If that example is too arcane, here’s one that’s more down to earth: “Horse can be black. White horse cannot be black. So white horse is not horse.” The classic paradox exploits the ambiguity of the word “is” (does “A is B” mean “A is synonymous with B” or “A is an instance of B”?), and the original Chinese version exploits the ambiguity of nouns in a language missing articles (so that “horse” could mean “a horse” or “horsekind”). The paradox shouldn’t confound people with a background in set theory. It’s true that the set of white horses is different from the set of horses, but that doesn’t mean that an element of the set of white horses can’t be an element of the set of horses. If one’s way of talking about philosophy doesn’t distinguish between properties of individual horses and properties of the set of horses, one won’t get very far.
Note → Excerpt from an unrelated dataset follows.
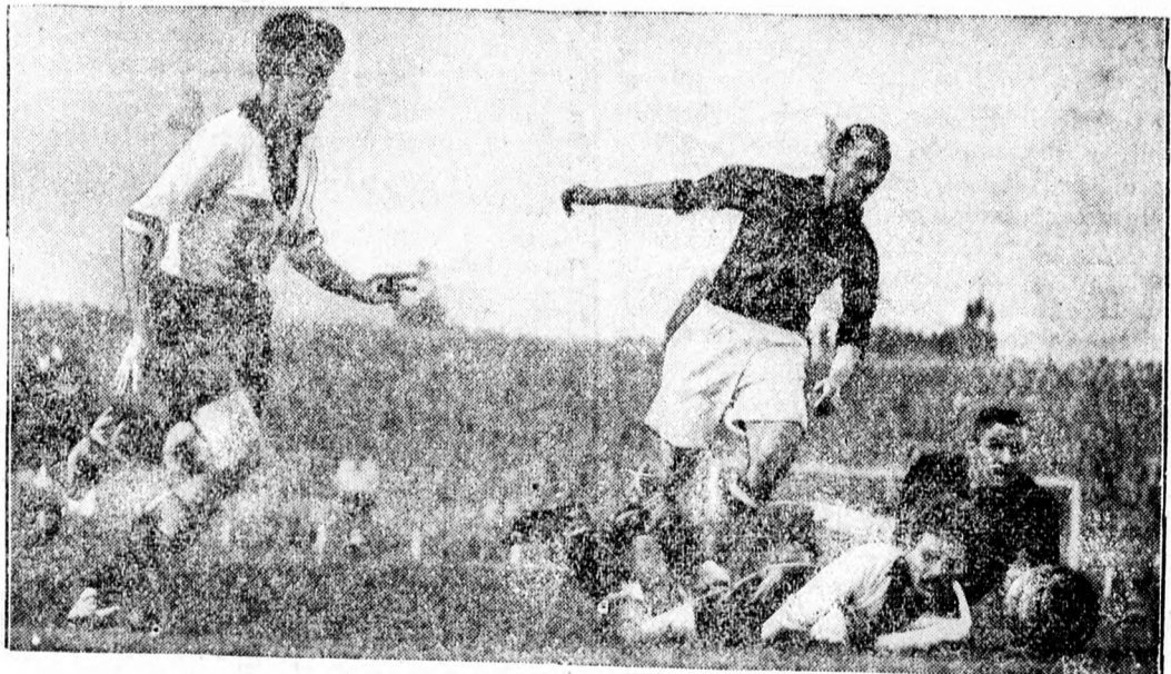
Németország labdarugói döntetlenül végeztek a hollandokkal.

A. P. T. Kifünnő cikkét lapunk jövő vasárnapi számában örömmel közöljük; mindezt azért nem jelent meg, mert terjedelménél fogva nehéz beleszorítani egy napilap kereteibe.

But my native language is English, not Classical Chinese, so let me switch back into my lane and bash the English language a bit. Observe that the superficial resemblance between the sentence “I have wonderful children” and the sentence “I have two children” belies a fundamental difference: the adjective “wonderful” refers to the two children individually (when my children are together they’re not so wonderful!), whereas the cardinal “two” refers to the children collectively (neither of them has been two for a long, long time). So it makes sense that English speakers would have a hard time distinguishing between individual properties and collective properties when our grammar doesn’t reinforce this distinction.3

Here I am subscribing to a kind of linguistic determinism. The strongest version of linguistic determinism holds that you can’t hold a concept in your mind if you don’t have words for it. The weakened form I subscribe to holds that it’s difficult to think straight about topics for which one lacks the vocabulary to talk straight. This is especially true when cognition happens in multiple collaborating minds, as is frequently the case for minds doing math. If one’s way of speaking isn’t clear and unambiguous, one won’t get very far, and two will just go around in circles like Abbott and Costello.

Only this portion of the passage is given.